Most people surveyed who have lost contact with a close family member said it was either due to an argument (19 per cent), moving house (21 per cent) or because they are too busy to stay in touch (19 per cent). One in five of those all those who lost contact with a relative said rebuilding their relationship was the reason they wanted to get back in touch.
[Read more: The Salvation Army's Family Tracing Service]
“The Salvation Army Family Tracing Service has been helping relatives find one another for more than 125 years”, Major Hardy adds. “Getting back in contact can be an enriching and life-changing experience. If you have lost touch, don’t delay. It can take as little as a few weeks to find people and it’s often more straight forward than people think.” The survey also revealed gender differences in how those who have close family members they do not live with stay in contact – men are more likely than women to keep in touch by seeing (26 per cent vs. 22 per cent) or phoning their relative (45 per cent vs. 38 per cent).

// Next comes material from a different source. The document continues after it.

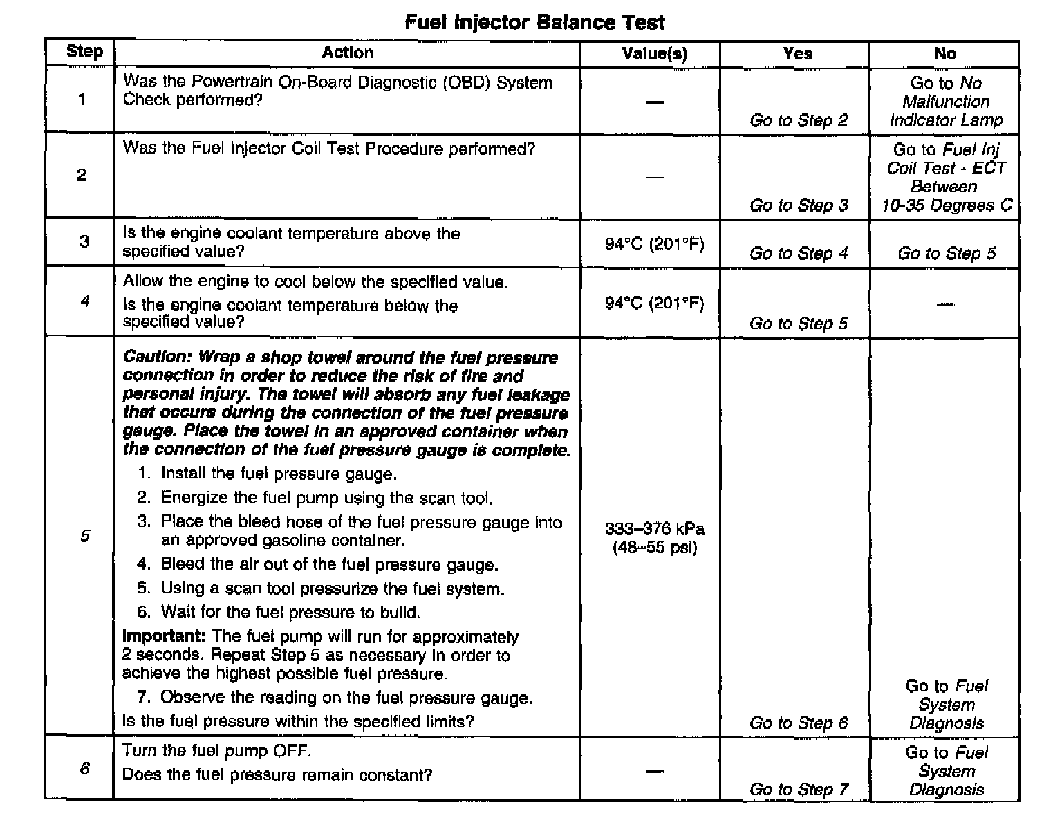 5. The fuel pressure should be within the specified range. If the fuel pressure is not within the specified range, go to Fuel System Diagnosis. Component Tests and General Diagnostics

Women, however, stay in touch more regularly than men (63 per cent of females speak to close family members they do not live with at least once a week vs. 51 per cent of males). In fact, whatever their gender, nearly half of all respondents (48 per cent) said text messaging, social media skype and other communication technology made it much easier to stay in touch with close family members. The Salvation Army Family Tracing Service, established in 1885, reunites on average 10 people every working day. The service is international and networks with other Salvation Army centres around the world, to find people in places as far away as South Africa, Australia, and the US.